Where do we go from here? It could be argued that as the concept of sugarcane (and rice) BNF is now sufficiently well established and quantified (at least in a South American context), and that the amount of N fixed depends upon the plant genotype and growing conditions, that it is now ready to be more fully exploited (i.e. optimized) by plant breeders working closely with agronomists (and possibly plant physiologists to try and identify the mechanisms by which fixed N is assimilated and processed by those varieties that can utilize it). Microbiologists will also, inevitably, still play a major role in the future utilization of BNF in sugarcane, but most likely in an increasingly more applied manner e.g. da Silva et al. in this issue have started to develop technologies specifically aimed at providing sugarcane farmers in Brazil with an effective inoculant consisting of several diazotrophs. Indeed, these workers (and others before them) have demonstrated that although the exact nature of the diazotrophs that fix N and/or promote growth in cereals and sugarcane may only be deciphered many years from now, they are most likely to belong to consortia of bacteria both on and within the plant. The members of these consortia are likely to shift with plant genotype, growing conditions, growth stage, soil and environment, and it is significant that each new study of diazotrophs in non-legumes, whether they utilize “traditional” culturing techniques or non-culturable molecular methods, always result in discoveries of novel diazotrophs, as exemplified by several papers in this issue (Ambrosini et al.; Fischer et al.; Grönemeyer et al.; Jha et al.; Taule et al., Videira et al.; Vollú et al.). “Matching” sugarcane and rice genotypes to these shifting consortia in order to optimize BNF will be an enormous challenge to breeders, agronomists, soil scientist and microbiologists, but if it can be achieved it will reap rich rewards.

With regard to PGPRs, the development of biofertilizers that operate through multiple mechanisms, and not just through BNF is also continuing apace and are represented in this issue e.g. Walker et al. have been examining a highly effective mixed inoculant containing diazotrophs, PGPR and mycorrhiza for maize in France, and Tortora et al. have been investigating another aspect of Azospirillum plant growth promotion i.e. its potential as an agent of biological control against fungal pathogens.

Finally, in this Special Issue we celebrate the lives and scientific careers of three recently deceased scientists who contributed so much by pioneering research into BNF by either (or both) non-legumes and legumes: Bob Burris, Jesús Caballero-Mellado and John Witty. We also celebrate the 125th anniversary of MV. Galippe, who first introduced the concept of the endophytic microbe.

We acknowledge the tremendous work of the expert referees who reviewed the papers in this Special Issue in a timely and professional manner, and we would also like to thank those people who assisted Prof.

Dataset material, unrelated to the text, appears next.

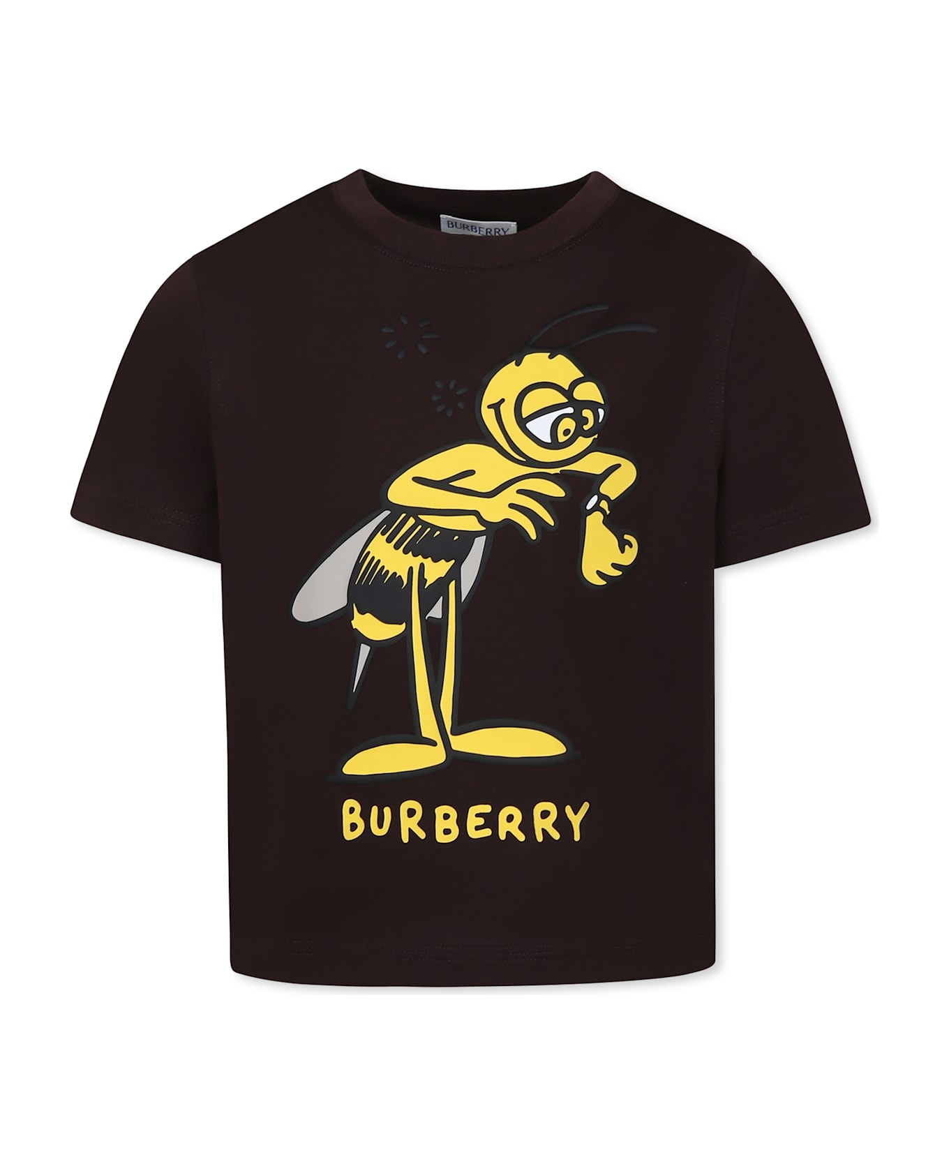 Brown t-shirt from the luxury brand Burberry Kids, made of cotton, with short sleeves and a ribbed crew neck. It is embellished with logo and bee print on the front.

Ivo Baldani in organizing the Symposium from which these papers were taken i.e. R.M. Boddey, A. Hemerley, F.L. Olivares, V.M. Reis, and E.M. Souza. We also acknowledge financial support from CNPq, CAPES, FAPERJ, FUNDAÇÃO AGRISUS and EMBRAPA which allowed us to present the Symposium and to bring to it so much international expertise in the field of non-legume BNF. Special thanks are due to the National Institute for Science and Technology on Biological Nitrogen Fixation ( INCT-FBN) which supported many of the students attending from various Brazilian Institutions.